Dynamic Programming : Solving Linear Programming Problem using Dynamic Programming Approach

exampleExample 1

Maximize z = 5x1 + 9x2

subject to

-x1 + 5x2 ≤ 3
5x1 + 3x2 ≤ 27

x1, x2 ≥ 0

Solution.

Given
-x1 + 5x2 ≤ 3   ...........(i)
5x1 + 3x2 ≤ 27   ...........(ii)

Let R1 & R2 be the resources associated with first and second constraint respectively.
The maximum value of the resources are specified in the RHS of the two constraints, i.e., R1= 3 & R2 = 27.
From equation (i), if we are deciding only on x2 and RHS is R1, then 5x2 has to be less than or equal to R1, i.e., x2 ≤ R1/5.

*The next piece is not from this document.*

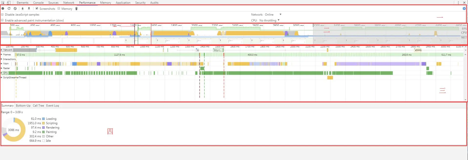 这个图是招瓶颈直观的方式之一!比如上图,看到Scripting占了大部分时间,就是在执行js上,或许有待优化!

Similarly, from equation (ii), we have
X2 ≤ R2/3.

Since we are maximizing, the maximum value of x2 has to be equal to the minimum of R1/5 and R2/3.
ƒ2(R1, R2) = Max (9x2)
= 9 Max (x2)
= 9 Min (R1/5, R2/3) -------(iii)

ƒ1(3, 27) = Max [5x1 + ƒ2(3 + x1, 27 – 5x1)] ------(iv)
0 ≤ x1 ≤ 27/5

From equation (iii),
ƒ2(R1,R2) = 9 Min (R1/5, R2/3) ----(iv)

Therefore, ƒ2(3 + x1, 27 – 5x1) = 9 Min [(3 + x1)/5, (27 – 5x1)/ 3]

From equation (iv)
ƒ1(3, 27) = Max {5x1 + 9 Min[ (3 + x1)/5, (27 - 5x1)/3] } -----(v)

We now find the range of x1 for which (3 + x1)/5 < (27 – 5x1)/3.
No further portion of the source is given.